В этом мягко оброненном замечании натянулась, задрожала едва заметная струнка, металлическая, напряженная. «Растяжка», как называют ее саперы. Задел неосторожно ногой, и рядом раздался взрыв мины.
Горностаев не сказал о Фотиеве, не сказал о «Векторе». Он сказал о завотделом газеты, намекнул, что может влиять на него.
— Спокойной ночи, — произнес Горностаев. — Желаю удачи в работе.
— Спасибо, — сказал Тумаков.
Лежал в тишине ночного гостиничного номера.

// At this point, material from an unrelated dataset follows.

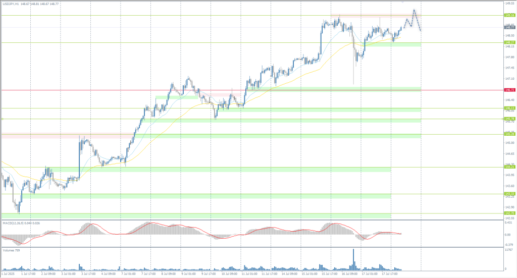 From a technical point of view, the medium-term trend of the USD/JPY is bullish. Currently, the price is forming a flat accumulation in the range of 148.27–149.16. Intraday, the bias is towards buyers, so the price will tend to test liquidity above 149.16. Buy trades can be considered from the EMA lines or from the support level of 148.27. Sell trades can be considered if sellers take the initiative at the resistance level of 149.16.

Слушал далекие гулы станции. И ему казалось, он сходит с ума.
Глава двадцать первая
К ночи усталый, измученный после огромного, вмороженного в снег и железо дня Фотиев вернулся домой, в тесную комнатку общежития.
В течение дня за множеством встреч, разговоров он израсходовал массу энергии. Убеждал, уверял, волновался, увлекал людей своей идеей и верой, добывал единомышленников и сторонников. На каждый пустяк, на любой, самый малый вопрос отзывался искренне, страстно. Проповедовал, не жалея эмоций и мыслей. Теперь, на исходе дня. опустошенный, продрогший, он сидел под газетным абажуром, среди утлого, убогого быта, прижав к батарее голые ноги. И было ему тревожно. Было ему печально и смутно.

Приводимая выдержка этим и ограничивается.